2016 film directed by Niyi Akinmolayan

The Arbitration is a 2016 Nigerian romantic drama film, written by Chinaza Onuzo, directed by Niyi Akinmolayan, and produced by Chinaza Onuzo, Omotayo Adeola, and Zulu Oyibo. The film stars OC Ukeje, Adesua Etomi, Iretiola Doyle and Somkele Iyamah-Idhalama.

==Synopsis==
Gbenga is a charming entrepreneur, running a very profitable tech company, and is the defendant in a lawsuit filed by Dara a computer engineer, whose talent helped Gbenga's company acquire the height it has reached.
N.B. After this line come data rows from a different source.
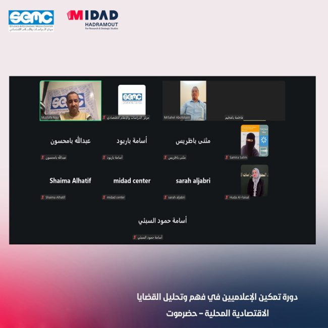 دشن مركز الدراسات والإعلام الاقتصادي ومركز مداد حضرموت للأبحاث والدراسات الاستراتيجية، اليوم الأربعاء، 14 يناير 2026، ورشة تدريبية متخصصة حول تمكين الإعلاميين في فهم وتحليل القضايا الاقتصادية المحلية، تُعقد افتراضيا عبر منصة زوم على مدى يومين، بمشاركة عدد من الصحفيين والإعلاميين المهتمين بالشأن الاقتصادي، في محافظة حضرموت، شرقي اليمن.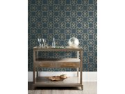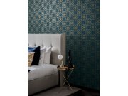 Luxusní tmavě modrá vliesové tapety na zeď, metalické zlaté ornamenty.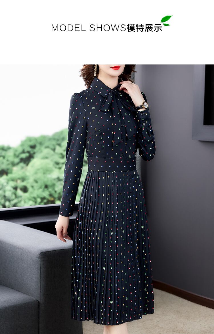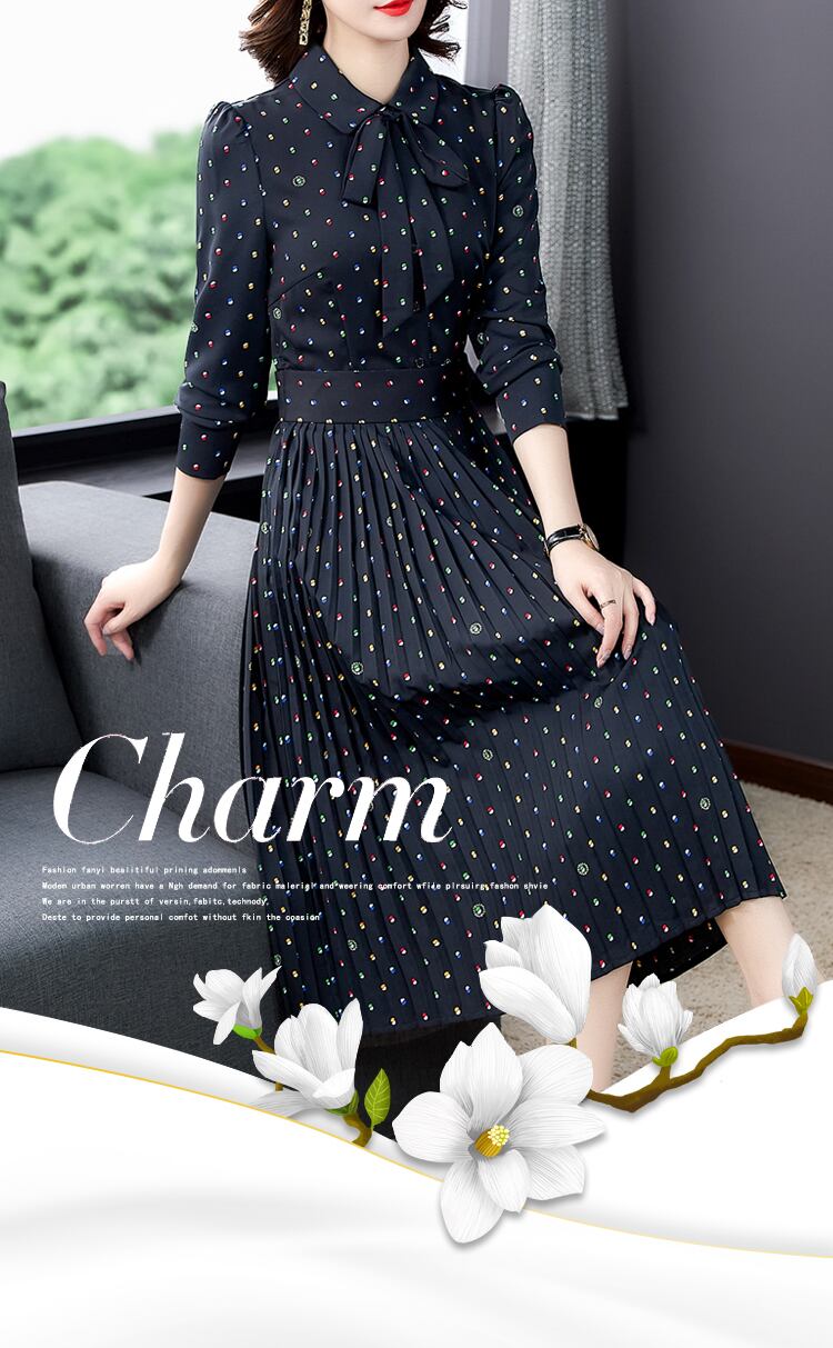 ラージサイズのレディースプリーツスカートレディース秋モデル2021年春秋新作レディース気質ハイエンドウエスタンスタイル水玉ドレス qmn25382552302

The colleagues were lovers whose relationship ended when Gbenga discovered his wife was pregnant with their supposed-to-be first child. Her lawsuit seeks compensation for those accounts, and Dara sues Gbenga for coercing her into sex (which counts as rape).

==Cast==
- OC Ukeje as Mr. Gbenga
- Adesua Etomi as Dara Olujobi
- Iretiola Doyle as Funlaya Johnson
- Somkele Iyamah-Idhalama as Omawumi Horsfall
- Lota Chukwu as Faridah
- Pius Fatoke as Dean
- Sola Fosudo as Tomisin Bucknor
- Beverly Naya as Chiama Sanni
- Gregory Ojefua as Chijioke Utah
- Bimbo Ademoye as Ebele
- Owolo Hosana as Receptionist
- Austin Nwaolie as Henchman
- Isaiah Ogunowo as Barman
- Bukola Ojeba as Student

==Production==
Shooting of the film took place at locations in Lagos.

==Release==
The film was released in Nigerian cinemas on 12 August 2016. It also premiered at the Toronto International Film Festival.